Got this response from someone at IDBI. email address and disclaimer removed before forwarding.
---------- Forwarded message ---------- From: Vishal Kapoor Sent: Monday, June 26, 2006 9:54 PM
Dear Sir
We got a google alert for the discussion you were having on gnowledge.org.
I have read through the whole thing. I wanted to reply to this there itself but could not find a way of doing it. And your mail ID was decipherable.

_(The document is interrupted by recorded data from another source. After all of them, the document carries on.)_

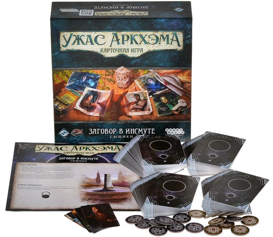 Дополнение "Заговор в Инсмуте. Сыщики" можно использовать для создания и улучшения колод в любой кампании или отдельном сценарии карточной игры "Ужас Аркхэма". Карточный "Ужас Аркхэма" – командная игра, участники которой в роли сыщиков срывают покровы с леденящих кровь тайн.
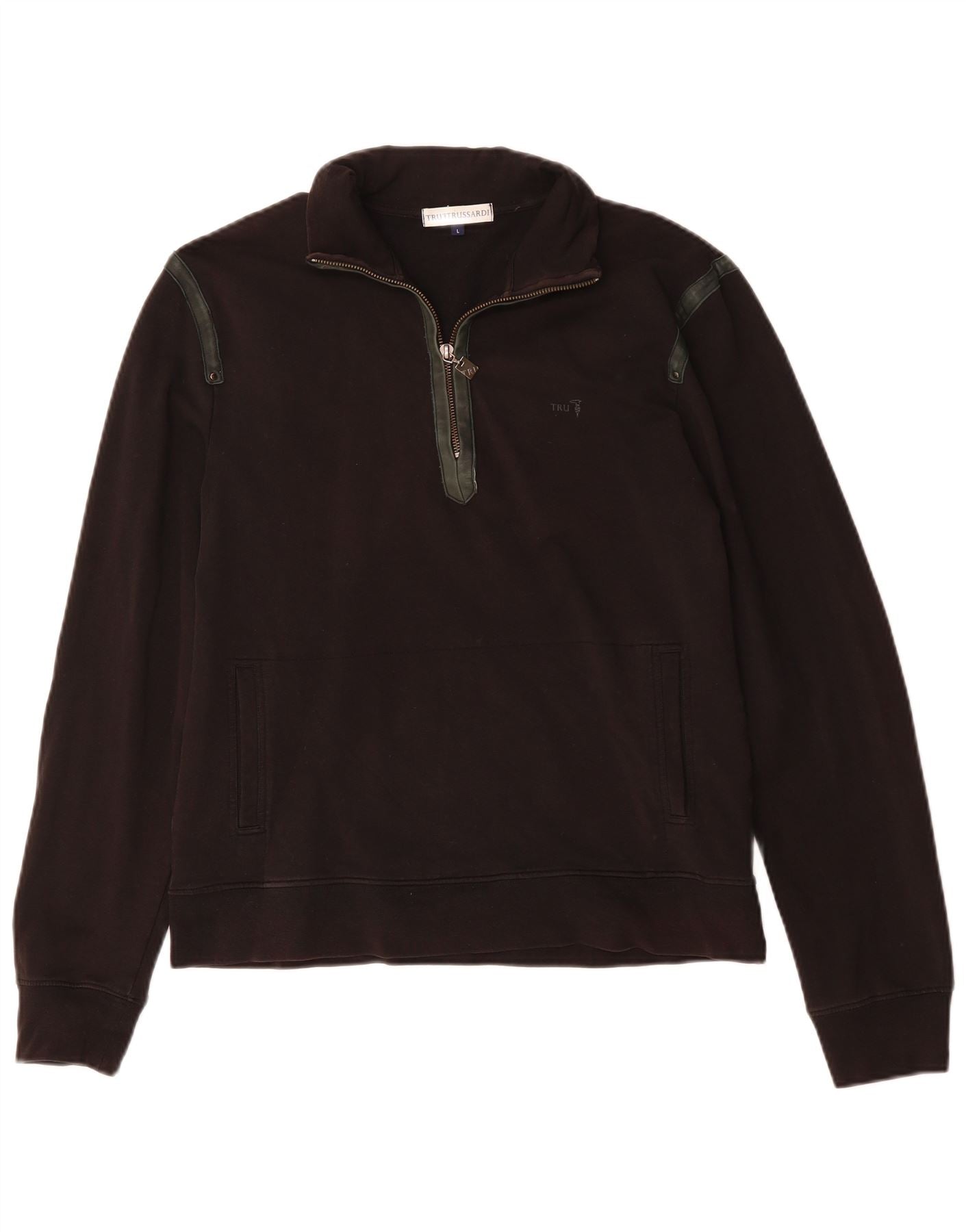 - Descrizione dell'IA: Questa felpa da donna Trussardi è realizzata in un comodo tessuto a maglia nera. Presenta uno scollo con colletto e una chiusura con zip a 1/4. Le maniche lunghe e la vestibilità regolare garantiscono comfort. I discreti dettagli del logo aggiungono un tocco distintivo. Pratiche tasche completano il design classico. Questo pezzo offre stile e versatilità senza tempo.
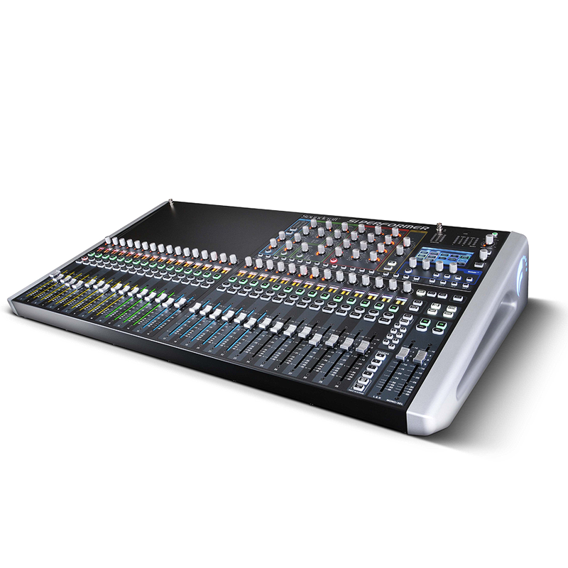 The Si Performer 3 features 32 local recallable mic pre amps and 8 stereo inputs along with two ViSi Connect™ option card slots with an additional 128x96 input/output paths (one 64x64 expansion slot and another 64x32 expansion slot). Able to utilize Si series ViSi Connect™ option cards, the Si Performer gives a large range of additional digital I/O connectivity including the MADI USB Combo, BSS Digital Audio Bus (BLU Link), Dante™, CAT5 or optical MADI, AVIOM™, CobraNet™ and others with a massive mix capacity of 64 mono inputs for a total of 80 inputs to mix. Each input channel has dedicated processing for high pass filter, input delay, gate, compressor and parametric EQ. Keeping you in control are 8 VCA busses, 8 mute groups, FaderGlow and color backlit name displays on every channel so you are never lost.
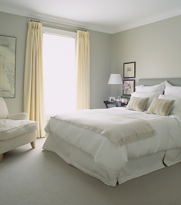 Soft shdes of gray on the headboard, carpet, linens and walls against the creamy yellow of the drapes makes this a serene room. Were big fans of the yellow and gray color combination, especially delicate hues as seen in this bedroom design.
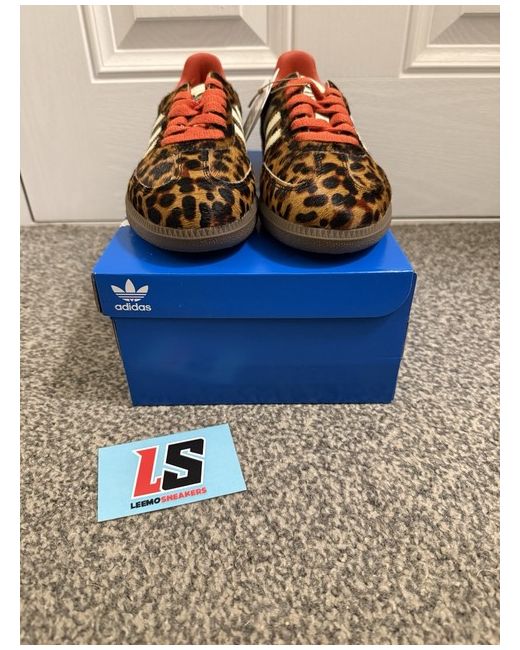 Elevate your sneaker game with these stylish Adidas Samba trainers in a bold orange leopard print. The iconic three stripes and Adidas branding on the tongue and heel provide a classic touch to these trendy shoes. Perfect for women who want to make a statement with their footwear, these trainers are versatile enough to be worn with any outfit. Crafted with high-quality materials, these pre-loved sneakers are in excellent condition and have been well-maintained to ensure their longevity. The comfortable fit and classic style make them ideal for everyday wear, whether you're running errands or meeting up with friends. Don't miss out on adding these Adidas Samba trainers to your shoe collection.
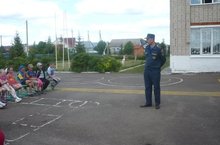Руководитель районного отдела пожарного надзора Ильдар Валиев посетил пришкольный лагерь и провел инструктаж по пожарной безопасности и пожелал успехов, здоровья и благополучия во время летних каникул.
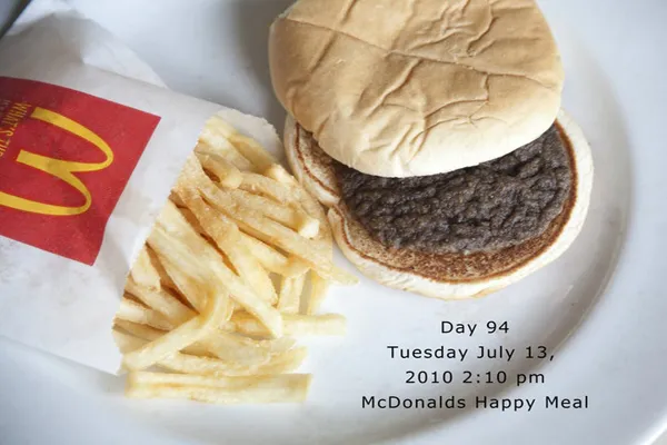 Как сообщают британские СМИ, детский комплект Happy Meal, состоящий из гамбургера и картофеля фри, 54-летняя художница из Нью-Йорка купила 10 апреля этого года. Она начала наблюдать за едой из "Макдоналдса" и фотографировать происходящие с ней изменения.
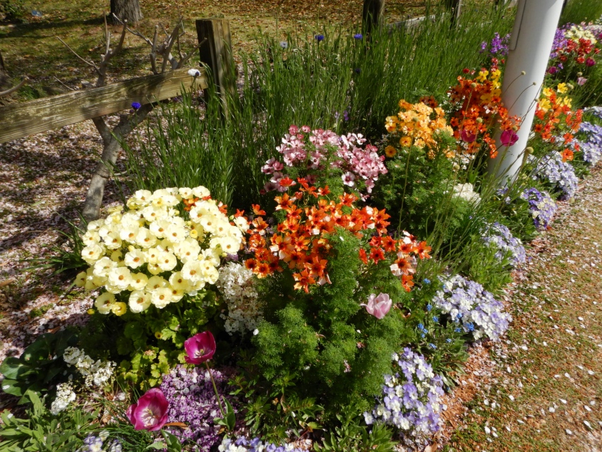ビオラがきれいに咲きそろい、色がクッキリしています。巨大な花火鳥と一緒に写真をどうぞ。自分が小粒に見えますよ。
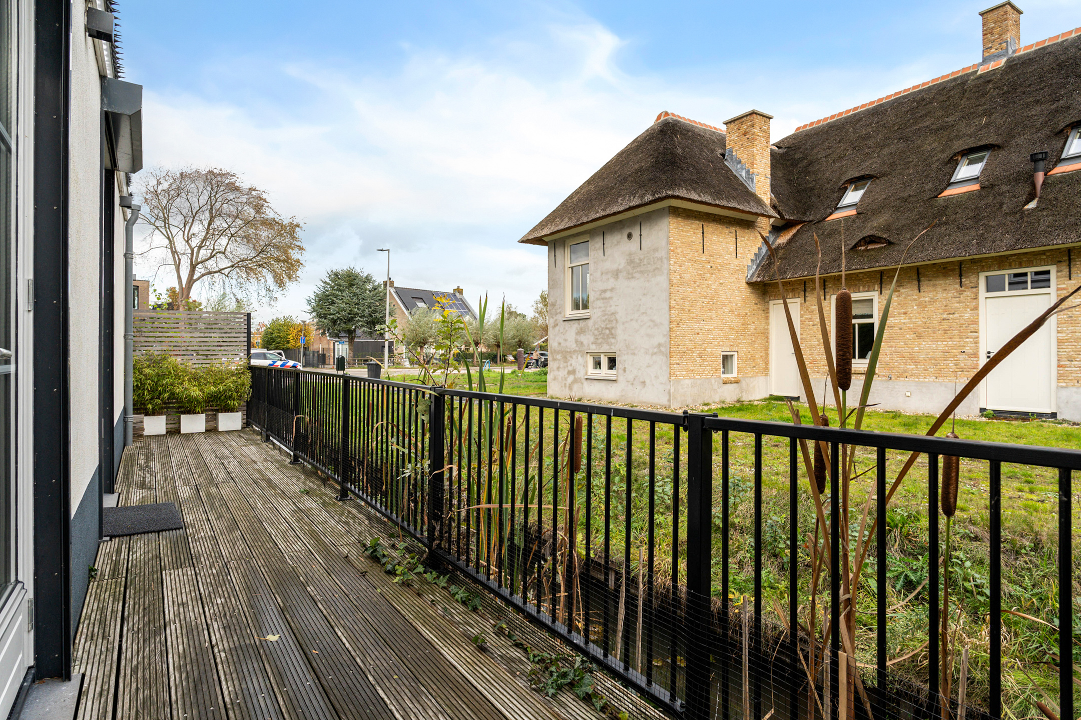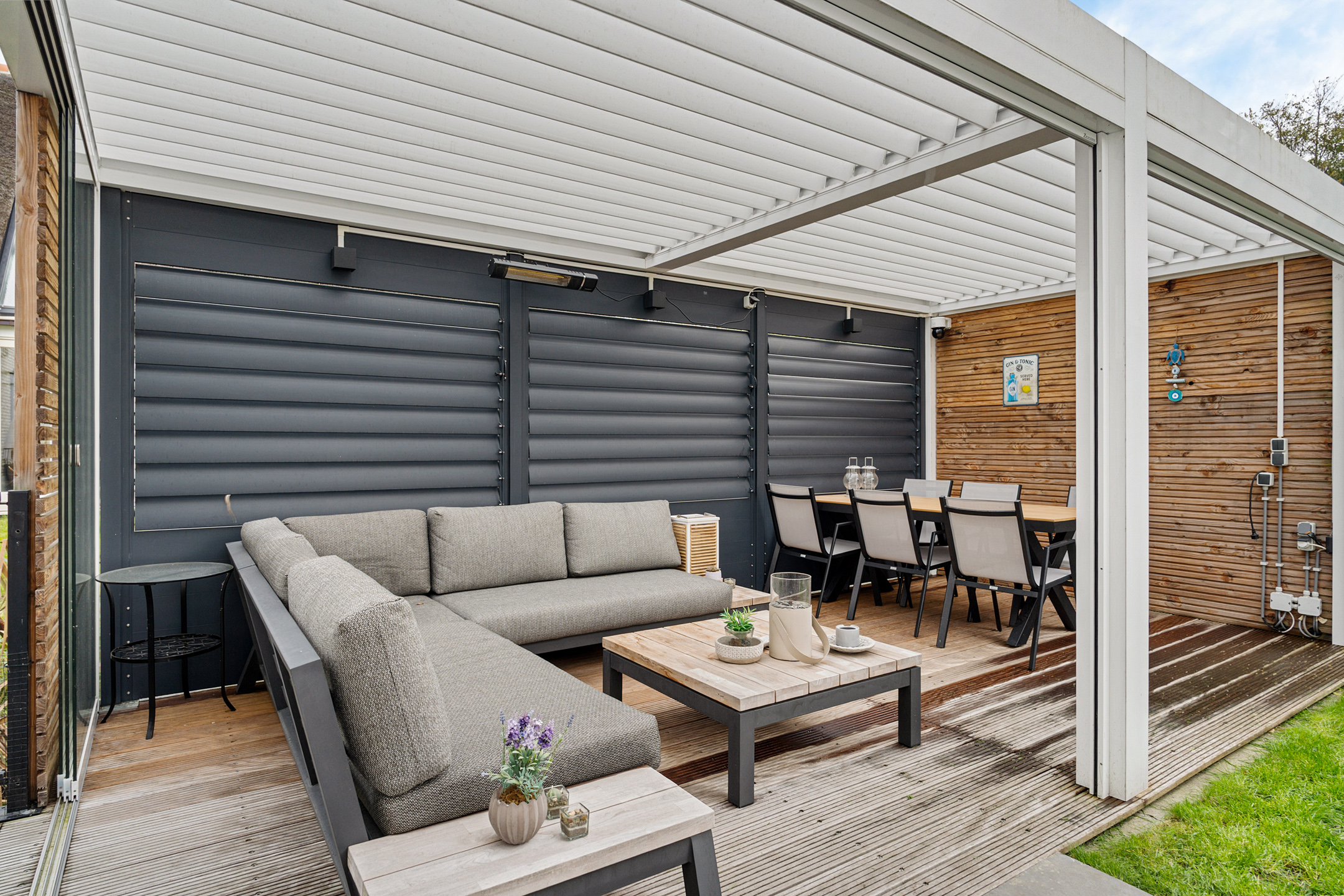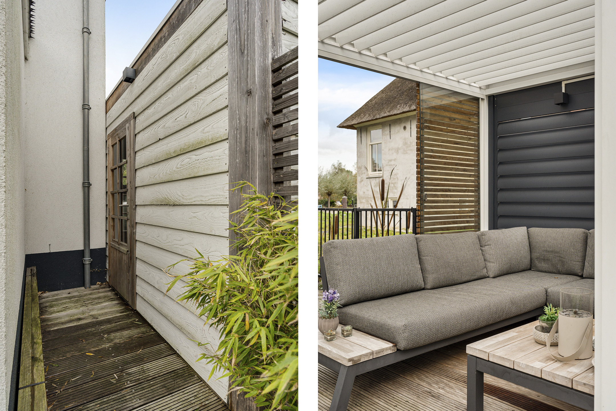 De tuin rondom de woning is met zorg aangelegd en biedt meerdere terrassen en een prachtig houten deck aan de zij- en voorkant. De hoofdtuin is voorzien van een luxe lamellenoverkapping waar je heerlijk kunt ontspannen en genieten van de middag- en avondzon. Daarnaast is er een berging met twee ingangen en ruimte voor het parkeren van twee auto’s op eigen terrein.
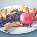 60 x 80 cm, © 2014, verkochtTweedimensionaal | Schilderkunst | Olieverf | Op doek Stilleven van appels in witte kom, met vlinder.
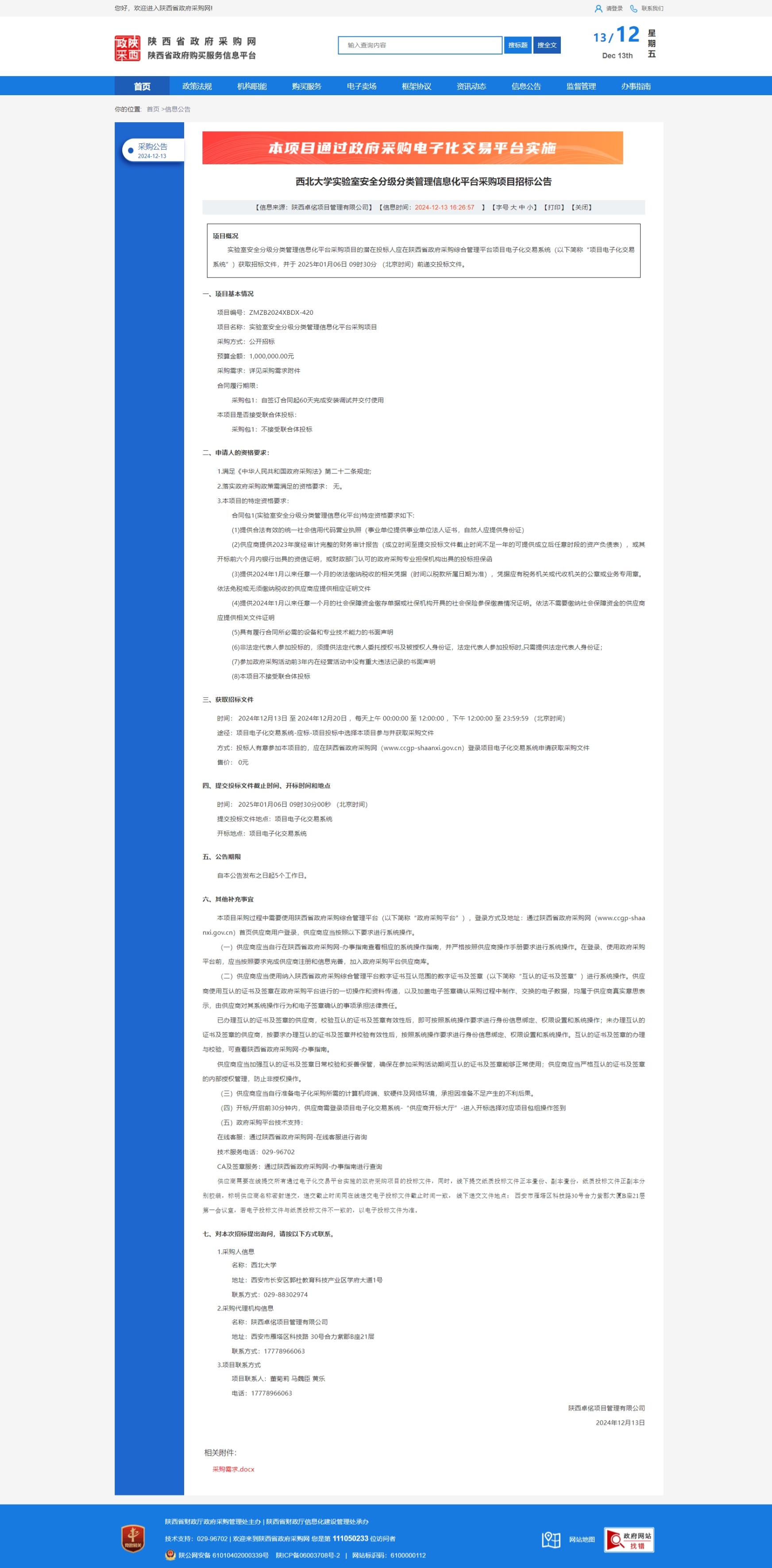 九游会在线登录官网实验室安全分级分类管理信息化平台采购项目招标公告 作者: 编辑:采购与招标办公室 时间:2024-12-13 原公告链接:https://www.ccgp-shaanxi.gov.cn/freecms/site/shaanxi/ggxx/info/2024/8a69c95d921859f00193bf116d567355.html?noticeType=001011¬iceId=a3767776-b92d-11ef-8063-08c0eb20c666
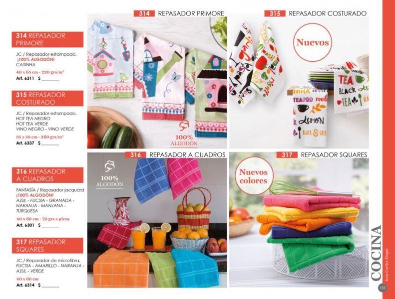 - Manteles, individuales, repasadores, delantales, manoplas, agarraderas.
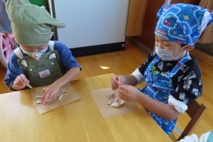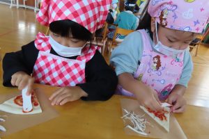 集会で話を聞いた後、皆でクッキング!午後のおやつの《きのこピザ》を作りました。
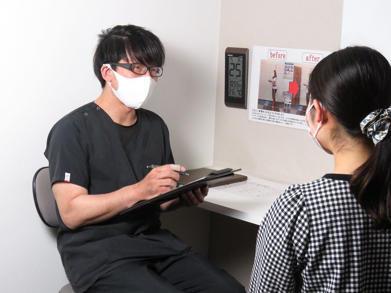 予約の受付をしている整骨院です。毎週決まった時間に通院できて、待ち時間の心配もありません。
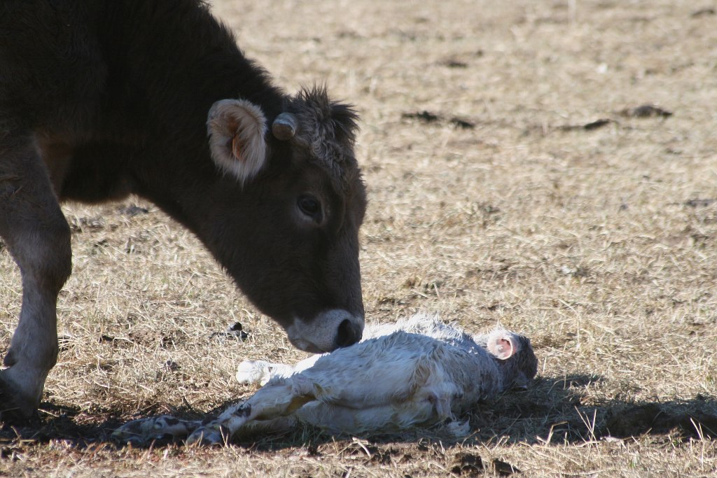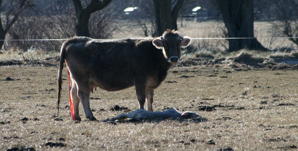 No acabàvem de veure-ho bé i hem entrat al prat per anar a mirar i fer alguna foto. El videll ja havia sortit. La vaca estava traient la placenta i no parava de llepar el videll. Estava mort.
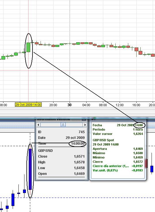 notese que en grafico inferior nos adelantamos al futuro, y tenemos dos velas verdes antes de las 23:00 y 24:00 del dia 18. cuando en realidad, la primera de ellas, fue a las 01:00 (grafico superior
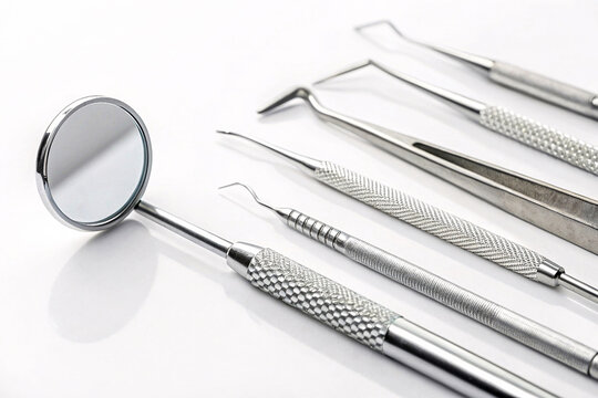 Close-up of a dental scaler tool on a white background. Ideal for medical, dental, or healthcare related projects.
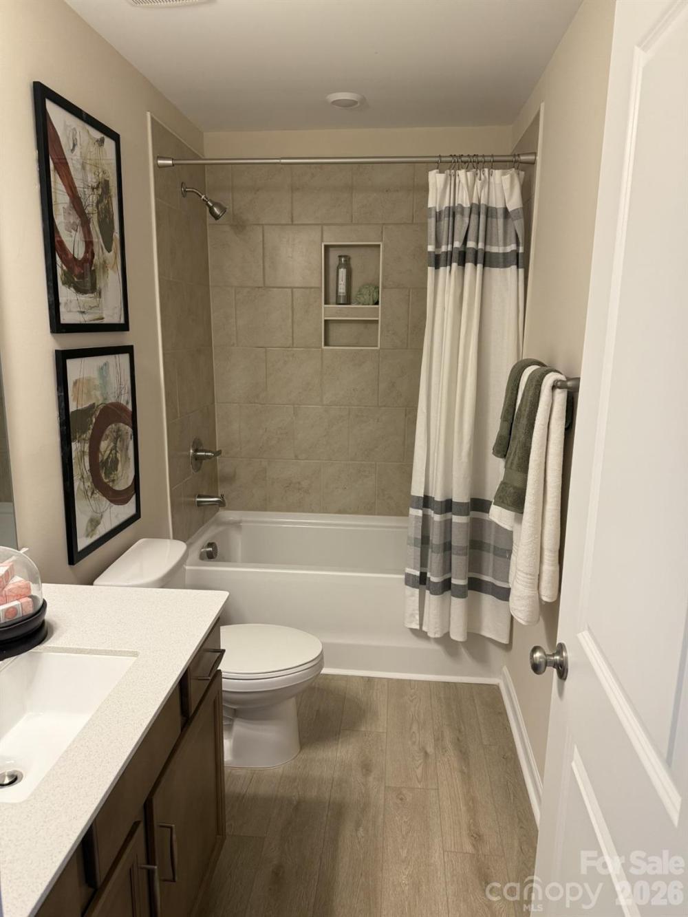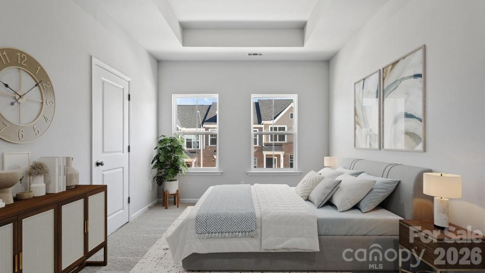 This thoughtfully designed two-story townhome offers three bedrooms and two-and-a-half bathrooms. Just inside the entrance, you'll find an open-concept family room that flows seamlessly into the kitchen and eat-in dining area. Upstairs, the primary suite includes a spacious walk-in closet, with a boxed ceiling and dual vanities for added luxury. Two additional bedrooms and a full bathroom are also located on the second floor, along with a conveniently placed laundry closet just outside the secondary bedrooms. A powder room is located just inside the entry from the attached one-car garage, with a built-in bench and cubby to keep essentials in check.
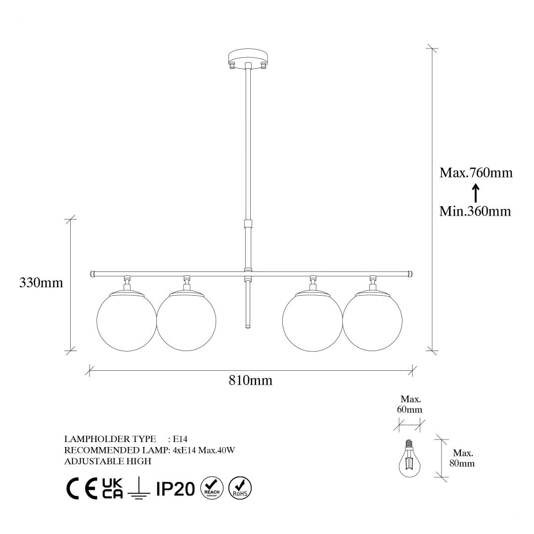 With four E14 sockets, this chandelier provides ample lighting to brighten up any room in your home. The on/off button on the cable makes it easy to control the lighting, while the IP20 rating ensures safety and peace of mind.

It would be great if you could tell the people on the discussion that we are fully aware of the issue and are working to rectify it. The fact is that the development of the site started quite a while back. At that time Firefox was not so widely used. We are currently testing the site and it will soon be available on Firefox too.
Regret the inconvenience.
Thanking in anticipation.
Warm regards
Vishal Kapoor Manager-Marketing IDBI Capital Market Services Limited www.idbipaisabuilder.in
On Thursday 29 June 2006 12:48 pm, Philip Tellis wrote:
Got this response from someone at IDBI. email address and disclaimer removed before forwarding.
---------- Forwarded message ---------- From: Vishal Kapoor Sent: Monday, June 26, 2006 9:54 PM
Dear Sir
We got a google alert for the discussion you were having on gnowledge.org.
I have read through the whole thing. I wanted to reply to this there itself but could not find a way of doing it. And your mail ID was decipherable.
It would be great if you could tell the people on the discussion that we are fully aware of the issue and are working to rectify it. The fact is that the development of the site started quite a while back. At that time Firefox was not so widely used. We are currently testing the site and it will soon be available on Firefox too.
Regret the inconvenience.
Thanking in anticipation.
Warm regards
Vishal Kapoor Manager-Marketing IDBI Capital Market Services Limited www.idbipaisabuilder.in
Great. Perhaps he should be reminded about being standards compliant rather than being compatible with some browsers. However the W3C standards are patent encumbered afaik.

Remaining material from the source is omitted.